- [WHAT TO DO]: Omit all images, then repeat exactly the lines below from the one containing "Grosszügige 1,5-Zimmerwohnung (47m2)" through the one containing "Cuffed Embroidered Scottish", both ends included.

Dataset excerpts

┏━━

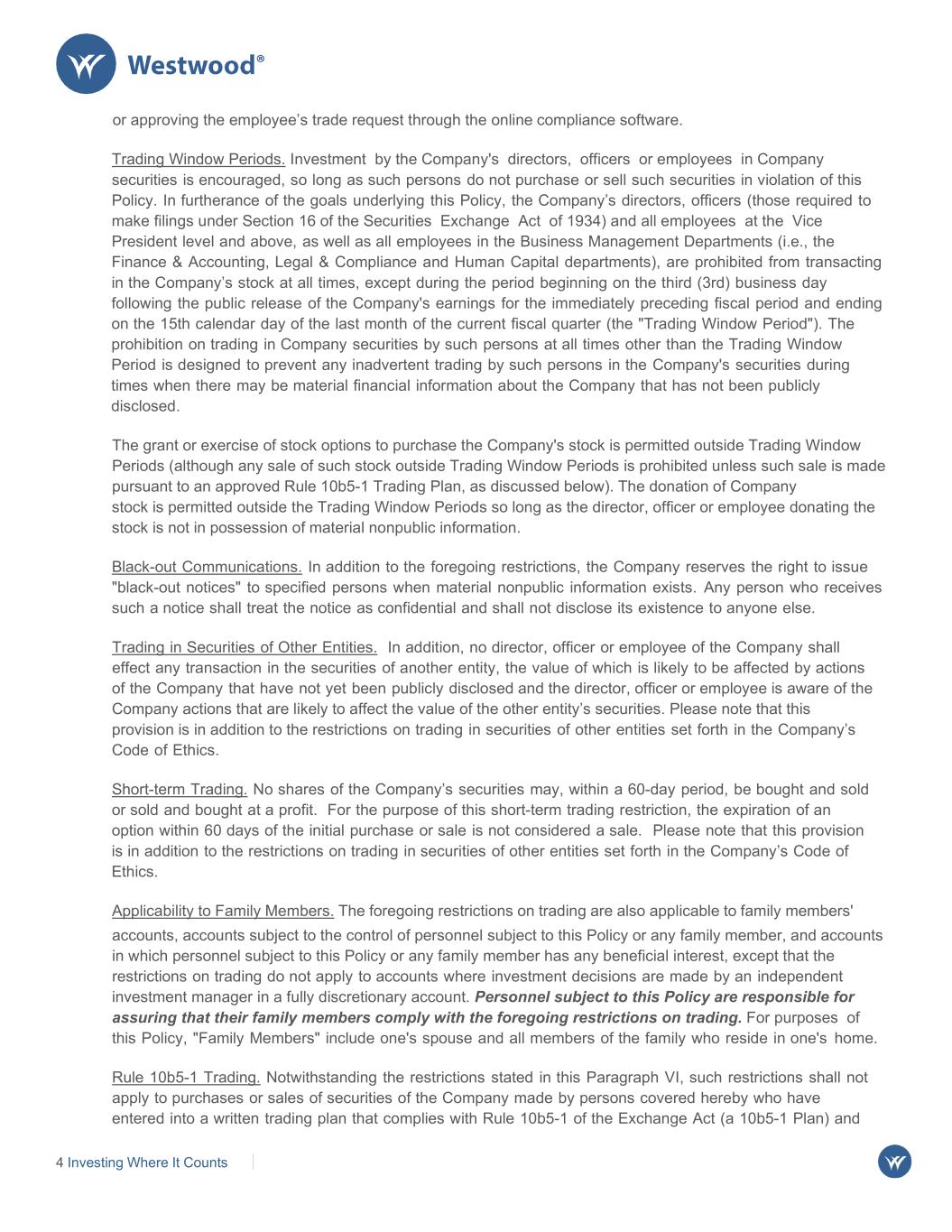 5 Investing Where It Counts has been approved by the General Counsel. Employees at the Senior Vice President level and above, those officers of the Company required to make filings under Section 16 of the Securities Exchange Act of 1934, and those employees specifically approved by the CEO are allowed to enter into a 10b5-1 Plan, so long as: ● The 10b5-1 Plan is executed within a Trading Window Period, the employee is not subject to a black- out on trading in WHG, and the employee is not in possession of material nonpublic information about the Company; ● The term of the 10b5-1 Plan lasts for at least six months; and, if the 10b5-1 Plan is canceled prior to the termination date, a new 10b5-1 Plan cannot be executed prior to the canceled 10b5-1 Plan’s original termination date; and ● The 10b5-1 Plan is executed with either of the following approved brokers: Charles Schwab or JP Morgan. VII. INVESTIGATIONS; SUPERVISION Investigations. If any person subject to this Policy has reason to believe that material nonpublic information of the Company has been disclosed to an outside party without authorization, that person is required to report this to the Chief Compliance Officer immediately. If any person subject to this Policy has reason to believe that an insider of the Company or someone outside of the Company has acted, or intends to act, on inside information, that person is required to report this to the Chief Compliance Officer immediately. The Company values the help of Covered Persons who identify potential problems that need to be addressed. Any retaliation against a Covered Person who reports actual or apparent violations of the Policies in good faith is a violation of the Code of Business Conduct (the “Code”). The Company will protect any Covered Persons who raise a concern honestly, but it is a violation of the Code to knowingly or recklessly provide false information, knowingly participate in the wrongdoing, lie to investigators, interfere, or refuse to cooperate with an investigation. Please refer to the Code for further details on Westwood’s Whistleblower Policy. VIII. PENALTIES; SANCTIONS Civil and Criminal Penalties. Potential penalties for insider trading violations include (1) imprisonment for up to 20 years, (2) criminal fines of up to $5 million, (3) civil fines of up to three times the profit gained or loss avoided, and (4) injunctive actions. In addition, punitive damages may be imposed under applicable state laws. Controlling Person Liability. If the Company knows or recklessly disregards the fact that the controlled person was likely to engage in the acts constituting the insider trading violation and fails to take appropriate steps to prevent illegal insider trading, the Company may have “controlling person” liability for a trading violation, with civil penalties of up to the greater of $1 million or three times the profit gained or loss avoided, as well as a criminal penalty of up to $25 million. The civil penalties can extend personal liability to the Company’s directors, officers and other supervisory personnel if they fail to take appropriate steps to prevent insider trading.
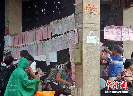 10月7日,福州于山景区相亲会吸引了许多家长前来了解有关征婚信息。 张斌 摄
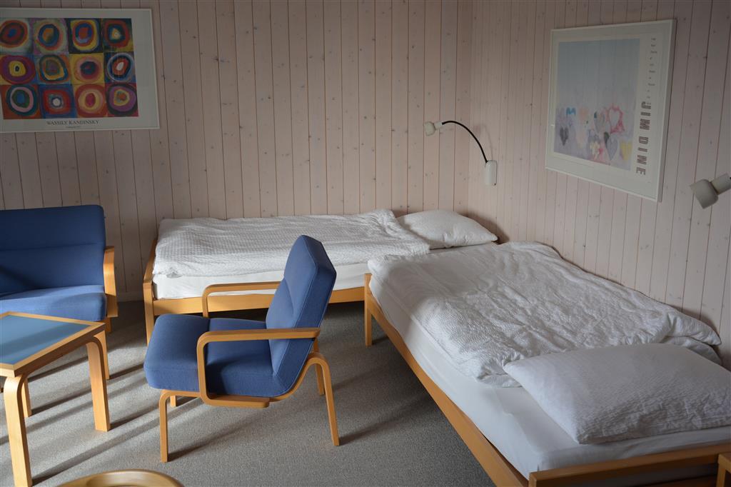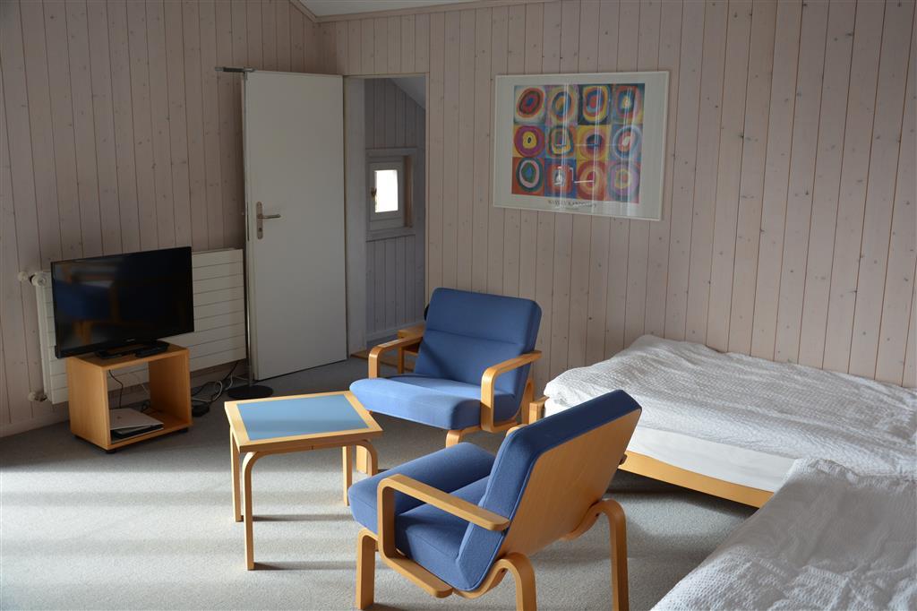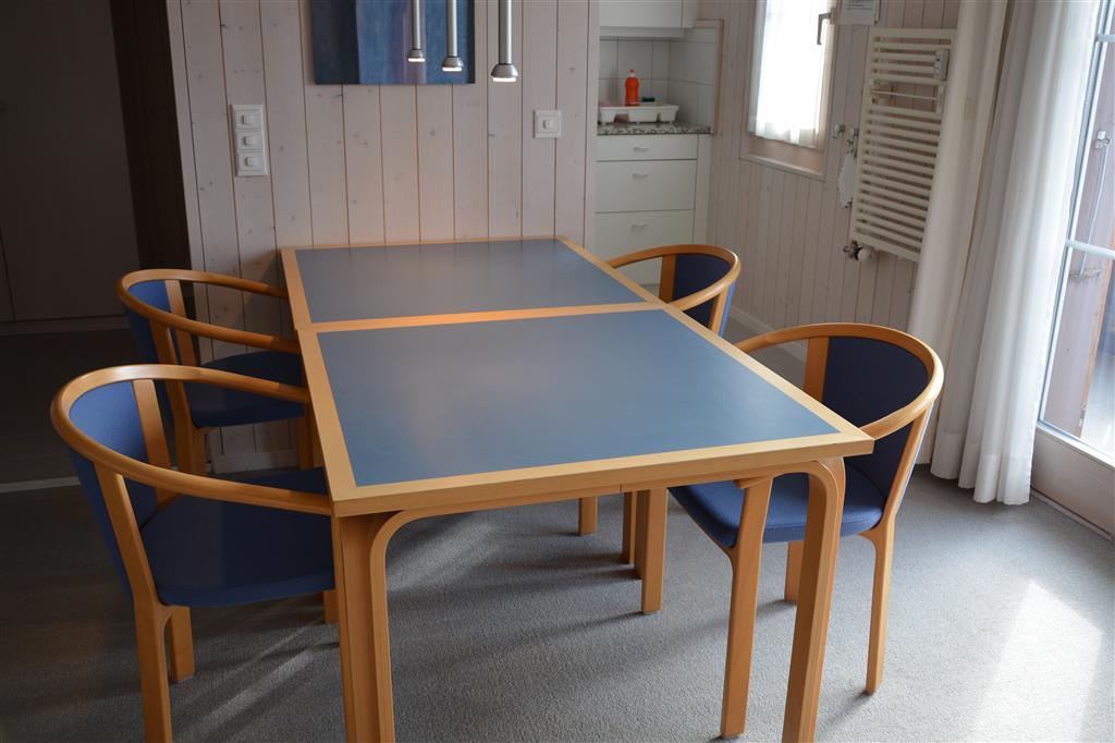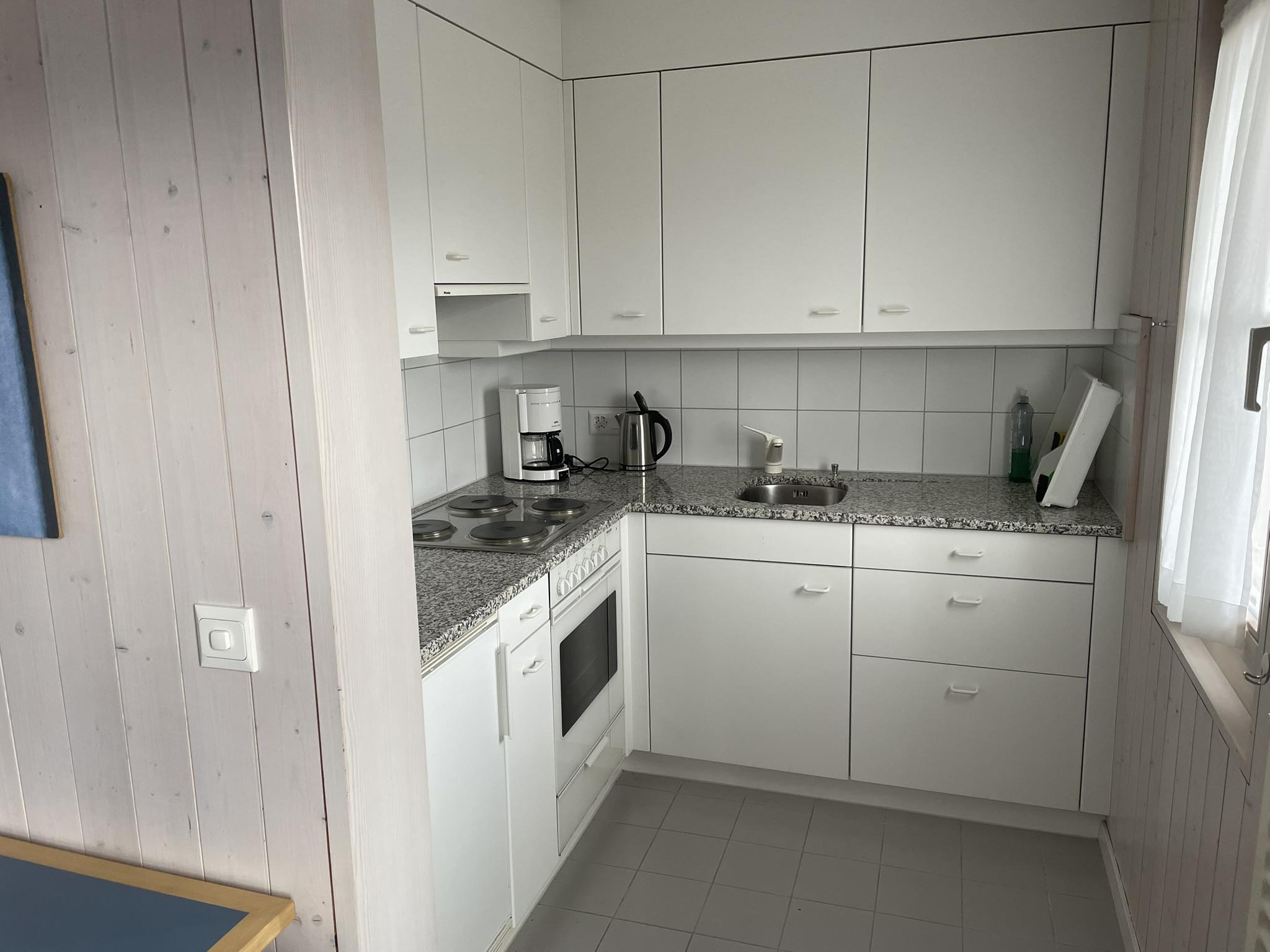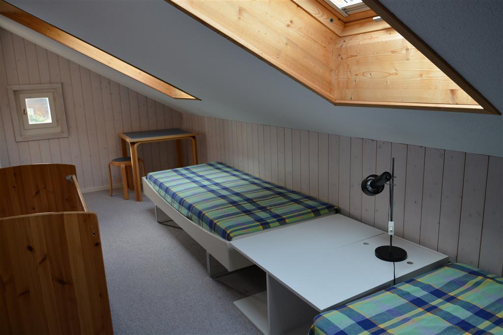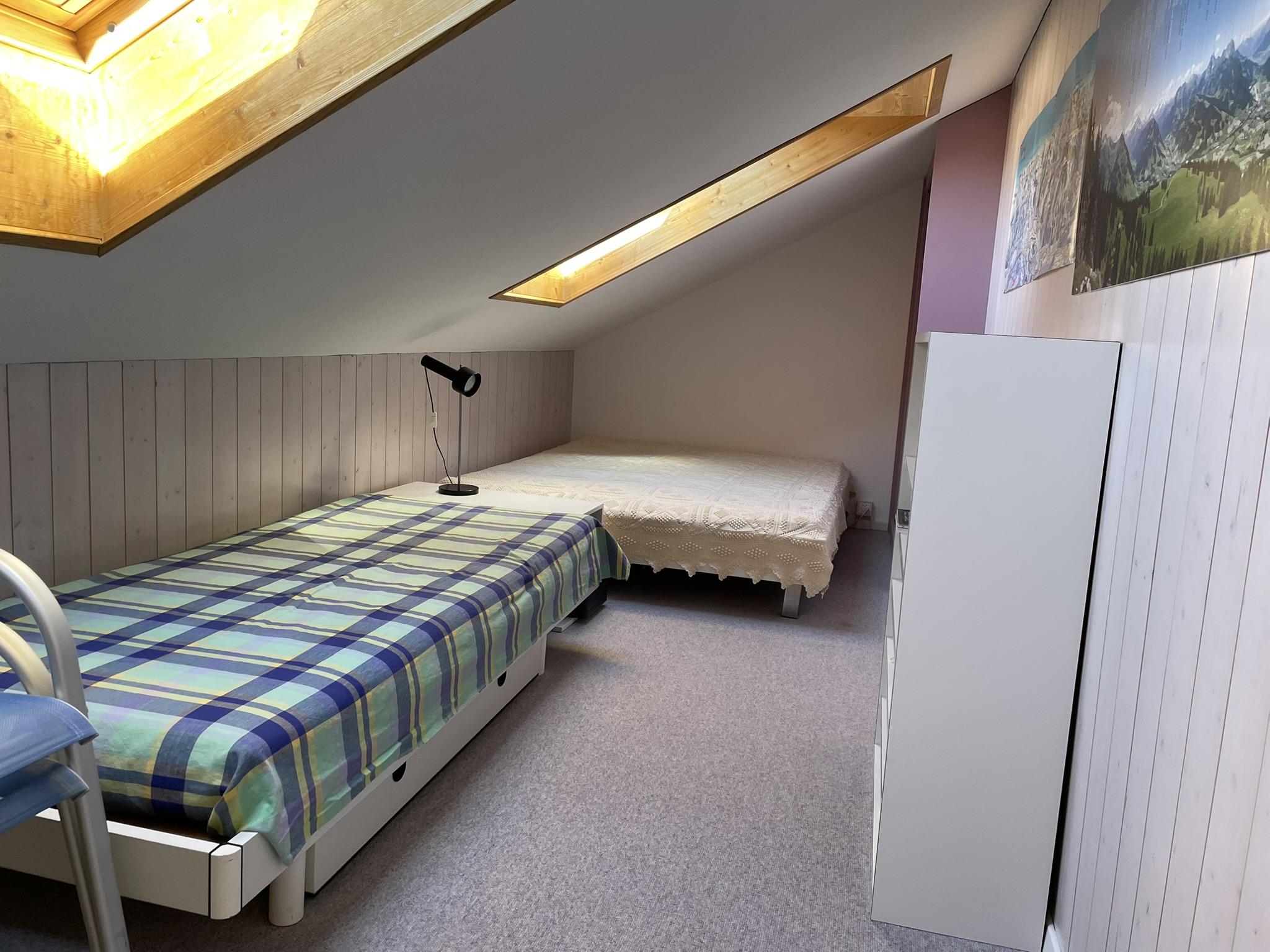 Grosszügige 1,5-Zimmerwohnung (47m2) mit offener Küche (u.a. ausgestattet mit Filterkaffeemaschine, Fondue- und Raclette-Set). Wohnzimmer mit 2 Betten (90x200cm), TV (Flachbildschirm), Radio und Telefon. Nebenzimmer in Dachschräge mit 1 Einzelbett (90x190cm) und 1 Grand Lit (140x200cm). Badezimmer mit Dusche/WC. Gedeckter Holzbalkon. Kinderbett (68x105cm) inkl. Bettwäsche und Kinderhochstuhl vorhanden.
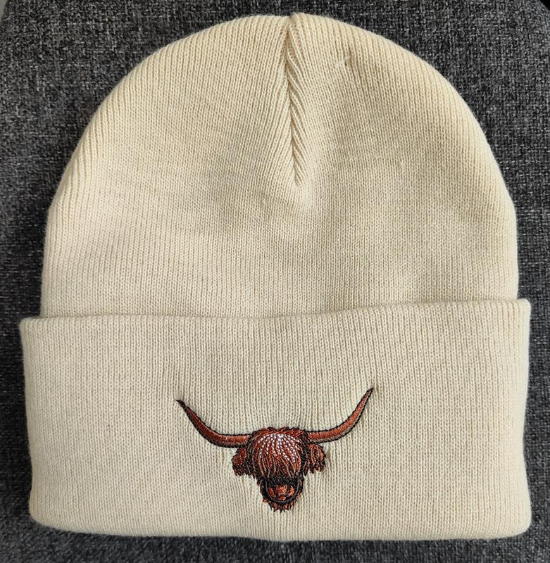 Cuffed Embroidered Scottish Highland Cow Beanie, Slouchy style beanie.
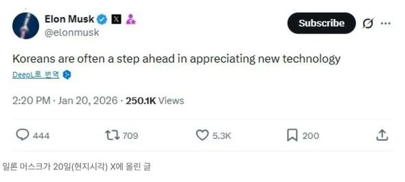 マスク氏は20日(現地時間)、自身のXのアカウントに「韓国人は新しい技術を受け入れることでしばしば一歩先を行っている」(Koreans are often a step ahead in appreciating new technology)と書き込んだ。これについて自動車業界では、昨年世界市場でテスラの販売が低迷し、経営実績が悪化した中で、韓国市場の実績だけが「唯一成長」したことを肯定的に評価したという分析が出ている。
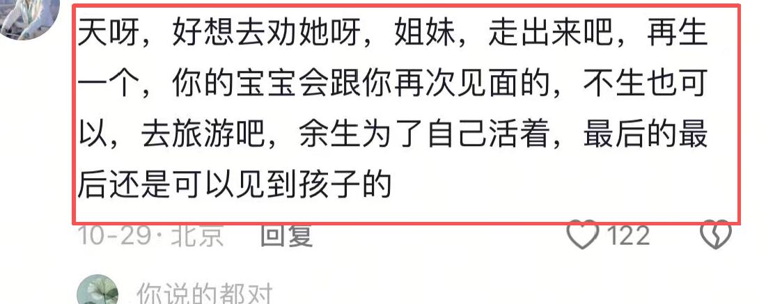 很多人在评论区劝:“放下吧,你要往前看,再生一个孩子,日子会好起来。”
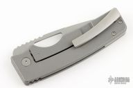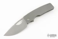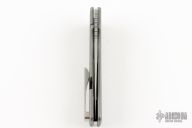 This Roosevelt XL by the OZ Machine Company features a tumbled Magnacut blade with thumbhole and notched thumbrest. The handle features a milled stonewashed titanium frame with a titanium backspacer and tip up pocket clip with hidden screws. Includes original velcro case and papers dated 9-7-24 and s/n 0345. Excellent condition.

┗━━

- [THE ANSWER]:
 Grosszügige 1,5-Zimmerwohnung (47m2) mit offener Küche (u.a. ausgestattet mit Filterkaffeemaschine, Fondue- und Raclette-Set). Wohnzimmer mit 2 Betten (90x200cm), TV (Flachbildschirm), Radio und Telefon. Nebenzimmer in Dachschräge mit 1 Einzelbett (90x190cm) und 1 Grand Lit (140x200cm). Badezimmer mit Dusche/WC. Gedeckter Holzbalkon. Kinderbett (68x105cm) inkl. Bettwäsche und Kinderhochstuhl vorhanden.
 Cuffed Embroidered Scottish Highland Cow Beanie, Slouchy style beanie.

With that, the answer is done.